Advertisements for the Wisconsin Supreme Court election culminated to become the most negatively publicized judicial race in state history Tuesday.
Special interest groups spent over $3 million on advertisements in the election, more than either candidate spent and likely more than was spent last year, according to a recent report by the watchdog group Wisconsin Democracy Campaign.
According to Mike McCabe, director of the WDC, candidates are restricted by donation limits and strict disclosure rules. However, special interest groups do not have to follow the same rules.
McCabe said elections are supposed to be a dialogue between voters and candidates, but the recent election was a special interest monologue.""
The problem with negative special interest advertisements is the public has no idea where the money is coming from, said Jay Heck, executive director of the ethics group Common Cause in Wisconsin.
Heck said this has lead to ""character assassinating ads to buy Supreme Court elections with secret money.""
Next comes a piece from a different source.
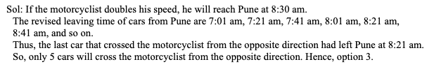 Q41. A motorcyclist leaves Mumbai at 7 am and reaches Pune at 10 am. Starting from 7:01 am, after every 10 minutes a car leaves Pune and moves towards Mumbai. These cars cross the motorcyclist on the road from the opposite side. How many cars will cross the motorcyclist from the opposite direction, if the motorcyclist doubles his speed and the interval between two consecutive cars’ leaving time is also doubled, keeping all other things the same as before?

According to Heck, the responsibility to reform these issues is in the hands of Gov. Jim Doyle and legislative leaders like Assembly Speaker Mike Huebsch, R-West Salem, and state Senate Majority Leader Russ Decker, D-Weston.
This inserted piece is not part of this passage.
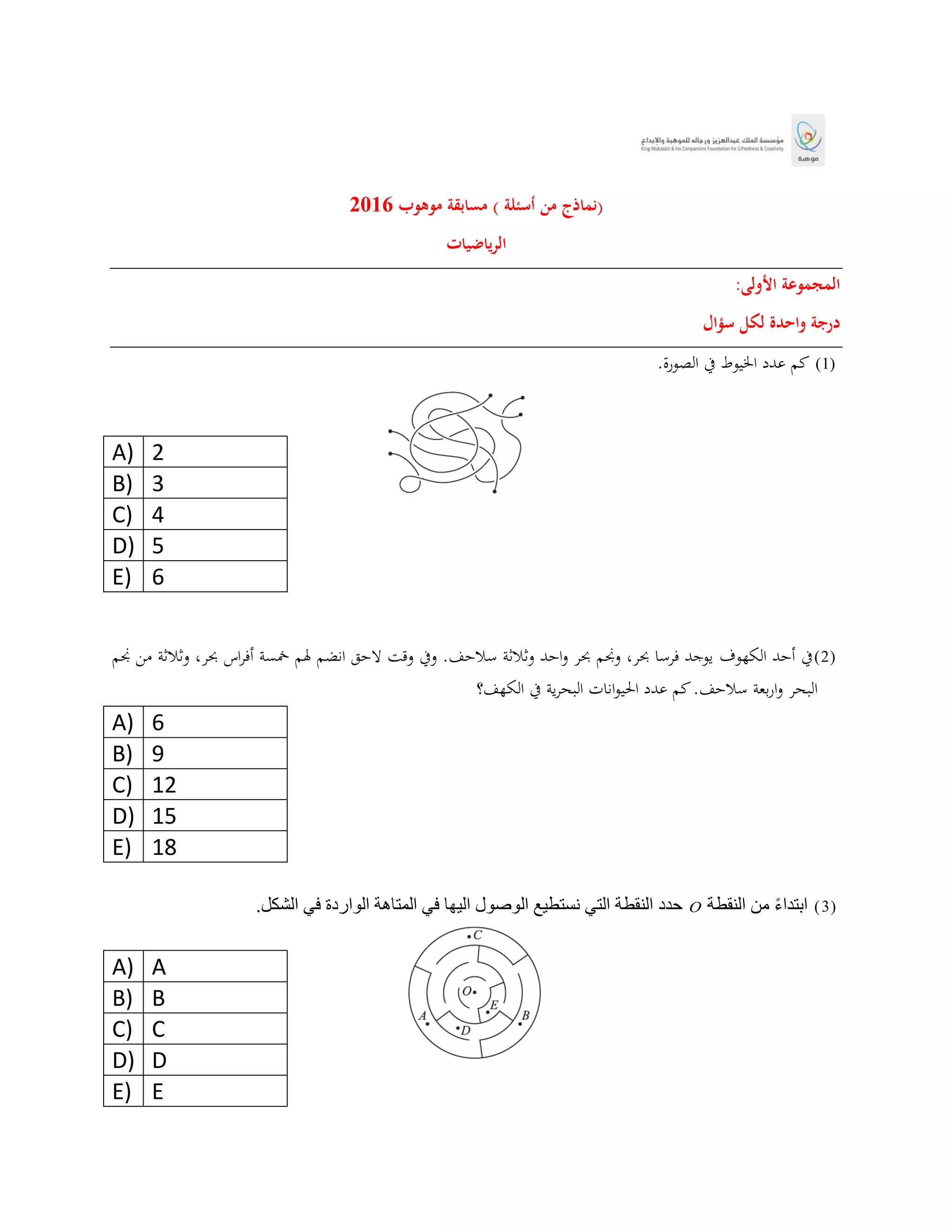 هذه الوثيقة تحتوي على مجموعة من الأسئلة الرياضية المتعلقة بمسابقة للمواهب، حيث تتضمن أسئلة تتعلق بالمجموعات المختلفة والأرقام. يتضمن كل مجموعة عددًا معينًا من الأسئلة مع خيارات متعددة للإجابة. المسابقة تهدف لتقييم المعرفة الرياضية لدى المشاركين.

He said establishing legislation requiring special interest groups to disclose the names of donors would decrease the amount of funding because donors would be ""embarrassed if people knew they were paying for the [advertisement] crap.""
Other political observers said the current nature of Supreme Court races does not need to be changed.
""The negative tone to the campaigns is the function of the competitive nature of the election,"" UW-Madison political science professor Kenneth Goldstein said.
According to Goldstein, voting for judges can be problematic because elections were meant for representative offices - not judicial ones.
However, Goldstein said he is not concerned about the amount of money or the negative tone affecting the election.